Ele destaca diferenças importantes entre a cena brasileira e a internacional, especialmente a britânica. “O acesso à informação no Brasil era muito diferente. No punk britânico, a corrente anarquista, que inspirou o movimento, chegava de forma mais acessível para os jovens. Aqui, o contexto geopolítico e econômico influenciava muito.

Em Brasília, a galera tinha mais recursos e acesso à informação, por isso Renato Russo chamava alguns de 'punks de boutique', embora ainda fossem punks.
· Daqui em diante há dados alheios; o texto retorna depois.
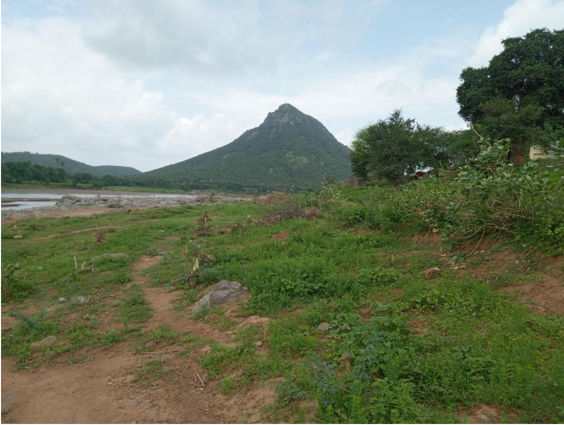
Fenai Mata Region

We, the tribal people of Fenai-Rewakhand region, culturally living with our forests, water, land and biodiversity for centuries. Our agriculture, animal rearing, health-medicines, culture, traditions, customs and all socio-economic practices are dependent on our forests. Due to the Sacred Circumbulation of Mother Narmada, this region is ecologically-culturally and socially very important. We have always been protecting our natural & cultural heritage and will continue to do so. Jungle-water-land and biodiversity are the basis of life for Adivasi. That is why we will use all the provisions of law to elicit cooperation from the government and society in order to withstand all challenges and threats. Today we, the residents of Fenai-Rewakhand Jaiv Shrishti Mandal pledge to protect and preserve our natural heritage and in order to do so we will imbibe all necessary values and culture. We very well understand that rights emerge from responsibility therefore, we will use the FRA 2006 and constitute environmental committees in all villages and through community forest responsibility and community forest rights, we will protect the forests of Fenaimata, Ronjiyadeo, Bhandandeo and Ranikajalmata.

Já em São Paulo, a cena foi moldando algo mais único, enquanto em Brasília havia uma reprodução da cena internacional.”

O acervo de Carlos funciona como um espaço de memória da cultura punk no Brasil, reunindo fotos e informações que ajudam a preservar a história de um movimento muitas vezes ignorado pelos registros oficiais. Para ele, a iniciativa não é apenas nostálgica: trata-se de valorizar a identidade cultural do país e mostrar que o punk brasileiro teve características próprias, influenciadas por fatores sociais, econômicos e políticos.

Com a popularização do perfil, Carlos espera inspirar novas gerações a conhecerem a trajetória do punk nacional e entenderem como ele se desenvolveu em diferentes cidades, refletindo contextos distintos de São Paulo e Brasília, mas mantendo sempre o espírito contestador e a energia da cena.